Shell’s boss today hailed 2017 as a “year of transformation” for the oil major after recording a jump in earnings.
The Anglo-Dutch giant said higher oil, gas and LNG prices and increased production from new fields drove its adjusted earnings up 119% to £11.1billion for the full year.
Brent crude recently topped $71 per barrel for the first time since 2014 thanks to Opec-led output reductions and declining US stockpiles.
Shell also reported a £5.6billion reduction in net debts.
Chief executive Ben van Beurden said the results showed Shell “has what it takes” to deliver a world-class investment case.

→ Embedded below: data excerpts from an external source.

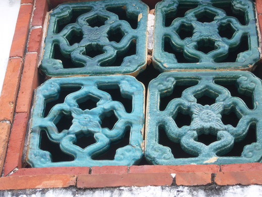 (`三)花窗~形似一朵花意指,四季如春,事事如意,(在四方框的四角落有蝙蝠之雕刻)意~
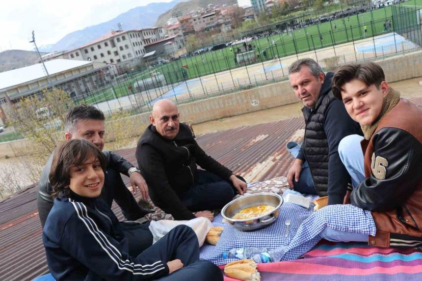 Erzurum’un Oltu ilçesinde bir grup vatandaş, Play-Off heyecanını farklı bir ortamda yaşadı. Evlerinin çatısına çıkan Oltulular, yumurta kayganası yiyerek takımlarının maçını izleyip destek verdi.
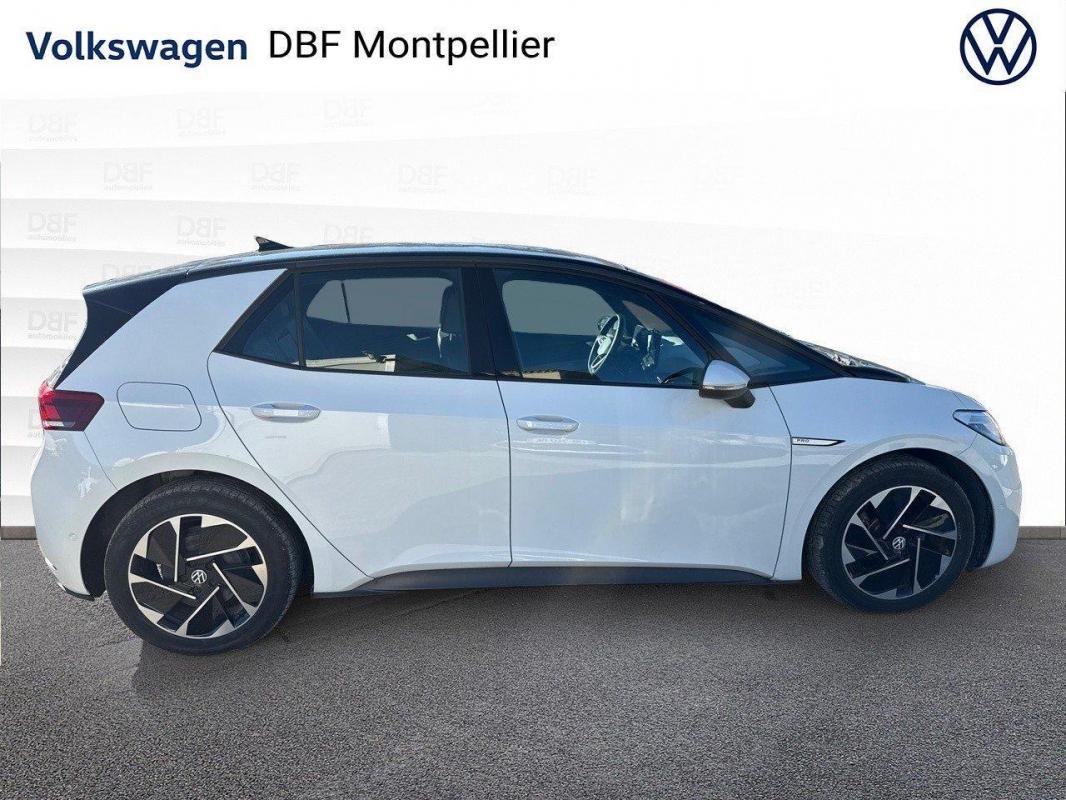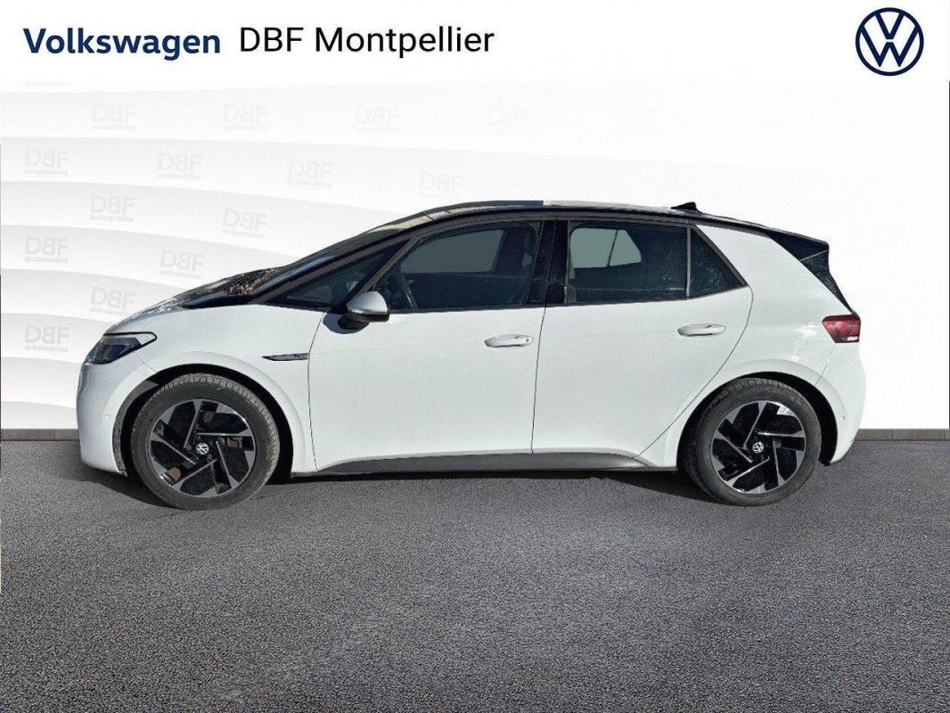 145 ch Pro, électrique, blanc métallisé, 27/08/2022, Pack Visibilité, Direction électromécanique à assistance variable en fonction de la vitesse, Clignotants confort, Indicateur de température extérieure avec avertisseur de gel, Pack Confort, Tapis de sol AV et AR, Alerte de perte de pression des pneus, Boîte à gants verrouillable et éclairée, Avertisseur sonore 1 ton, Eclairage à LED de la plaque d'immatriculation AR, Kit de dépannage : compresseur 12 V et produit d'étanchéité de pneu, Prise 12 V dans le coffre, Activation automatique du signal de détresse en cas de freinage d'urgence, Oeillets d'arrimage ISOFIX, Système de freinage anti multicollision : ce dispositif freine automatiquement le véhicule après un premier choc afin de limiter le risque de multicollision, Volant multifonctions réglable en hauteur et en profondeur, Protection antidémarrage, Détecteur de fatigue, 7 Airbags, Frein de stationnement électromécanique avec fonction d'immobilisation en pente Auto-Hold, Freins à disque à l'AV, Pochette de premiers secours, triangle de sécurité et gilet rétroréfléchissant, Freins à tambours à l' AR, Réception radio numérique DAB+, Car2X, ACC : Régulateur de vitesse adaptatif et prédictif, Turn Assist : Freinage d'urgence d'intersection, Câble de recharge Mode 3 - Type 2 pour borne de recharge, Système d'aide à l'écoconduite - Eco Assistance, Sélecteur de vitesse derrière le volant avec la touche de frein de stationnement électronique, Système de récupération d'énergie au freinage et à la décélération, Réglages de la charge via le système d'infodivertissement ou l'application We Connect ID, E-sound - son spécifique ID, Climatisation stationnaire, Lane Assist - Assistant au maintien dans la voie avec correction de trajectoire, Front Assist - Système de surveillance périmétrique avec fonctions de freinage d'urgence en ville et détection des piétons, Park Pilot : Système d'aide au stationnement AV et AR avec signaux sonores et visualisation de la distance des obstacles sur l'écran, Intervention de freinage automatique lors des manoevres, Carrosserie bicolore - Toit et hayon noir, Jantes en acier 7, 5J x 18'' avec enjoliveurs et pneumatiques 215/55 R18, Vitres AV et AR électriques avec dispositif antipincement, Sign Assist - Système de détection de la signalisation routière, Sièges AV réglables manuellement en hauteur, profondeur et inclinables, Avertissement de distance avec le véhicule précédent, Avertisseur sonore et lumineux pour ceintures non attachées à l'AV et à l'AR, Verrouillage centralisé avec télécommande à fréquence radio, 2 ports USB-C à l'AV, Lampes de lecture tactiles avec réglage manuel de l'intensité lumineuse, Pare-soleils AV avec miroir de courtoisie éclairé, Système de son 4+1 haut-parleurs, Climatiseur 1-Zone "Air Care Climatronic" avec mode recyclage de l'air ambiant, Dispositif électronique de démarrage sans clé "Keyless-Go" - Démarrage possible avec une simple pression sur la pédale de frein, App-Connect sans fil, ID. Display de 5, 3'' : L'ID. Display est un combiné d'instruments numérique doté d'un afficheur couleur TFT à haute résolution. En plus du tachymètre numérique, il est possible d'afficher des informations supplémentaires provenant des systèmes d'aide à la conduite, par la sélection de divers profils d'information., ID.Light - L'ID. Light est un concept d?éclairage intelligent qui vous fournit des informations complémentaires sur l'état du véhicule. Lors de la disponibilité de marche et pendant la conduite, des informations complémentaires sur la situation de conduite actuelle sont fournies par l'ID. Light, Ecran central tactile de 10'' personnalisable, Commande Vocale intuitive -"Bonjour ID." - Certaines fonctions peuvent être exécutées grâce à la commande vocale, Système d'appel d'urgence - eCal, Appui-tête réglables en hauteur sur les sièges AV et AR, Gestion des paramètres de confidentialité liés à la eSIM et à We Connect ID., Services connectés "We Connect ID." 36 mois, Pack Infotainment, Phares LED et feux AR à LED, Réglage des phares tactile, Galerie porte-bagages, Accoudoir pour les sièges AV, Peinture Unie Gris Lunaire/Toit Noir, Portes AR avec sécurité enfants, Ceintures de sécurité automatiques AV trois points à enrouleur avec prétensionneurs et AR trois points à enrouleur, Correcteur électronique de trajectoire ESP, Amplificateur de freinage d'urgence AFU, Servofrein électromécanique eBKV, Freinage mixte BKU, système d'antiblocage des roues ABS, blocage électronique de différentiel EDS, répartiteur lectronique de freinage EBV, antipatinage électronique ASR, régulateur électronique de couple MSR, assistance au contrebraquage, Programme électronique de stabilisation ESC, Système agissant comme un différentiel autobloquant électronique permettant une meilleure motricité en courbe grâce à une répartition optimale de la puissance et du couple sur les roues AR XDS, Système de refroidissement liquide, Chargeur embarqué pour prise Type 2 : 11 kW AC, Système d'appel en cas de panne B-Call, Intérieur Style avec habillage et volant Noir et avec sellerie en ArtVelours et similicuir, tableau de bord personnalisable, revêtement du tableau de bord et des portes soft-touch, éclairage d?ambiance personnalisable, pédalier en acier inoxydable avec symboles Play et Pause, banquette AR 3 places rabattable avec trappe à skis, sièges AV réglables en hauteur, Climatiseur 1-Zone "Climatronic", Volant multifonction à réglage mécanique en hauteur et en longueur, Câble de recharge Mode 2 - Type 2 pour prise domestique, Jantes 18''"East Derry" Argent Pneumatiques 215/55 R18, Pack Assistance, Peinture Métallisée Blanc Glacier/Toit Noir
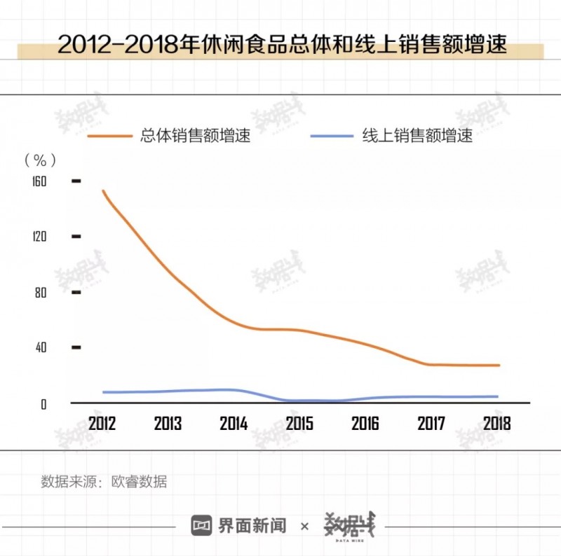 欧睿数据显示,2018年线上休闲食品总体销售额增速已经从2012年的接近160%降至不足40%,线上零食销售额增速步入中速时代。
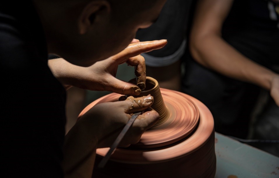 在工作室里,队员们满怀好奇地观看并参与了手拉壶制作的全过程。看着手中的朱泥在匠人们的巧手下变成造型精美的手拉壶,队员们感受到了壶艺匠人技艺的精妙,领略到了手拉壶独特的外在风华。

He said: “We enter 2018 with continued discipline and confidence, committed to the delivery of strong returns and cash.”
Shell completed the sale of upstream assets worth £2.29billion in the fourth quarter, including a package of North Sea assets to Chrysaor.
The company disposed of £12.2billion worth of assets during 2017. The sales form part of a £21billion-plus divestment programme aimed at balancing the books following Shell’s mega-merger with BG Group in 2016.
Mr van Beurden said £16.9billion worth of divestments had been completed and that Shell was close to reaching its target for 2016-18.
He described the programme as a crucial part of the push to simplify Shell’s portfolio.
Recent operational highlights include the decision to redevelop the Penguins oil and gas field in the UK North Sea.
Fourth-quarter production dropped 7% year-on-year due to divestments in Canada, the UK and Gabon.
Full-year revenues rocketed 31% to £215billion, while pre-tax profits increased by 223% to £12.8billion.
Cash flow from operations totalled £25.4billion in 2017, up 73% on 2016. Free cash flow came to £19.5billion.
But fourth quarter 2017 cash flow was £5billion, down 20% compared to the same period in 2016, and below market expectations, according to Biraj Borkhataria, analyst at RBC Capital Markets.
Mr Borkhataria said: “Shell has had a good year overall and we don’t want to read too much into one set of numbers.”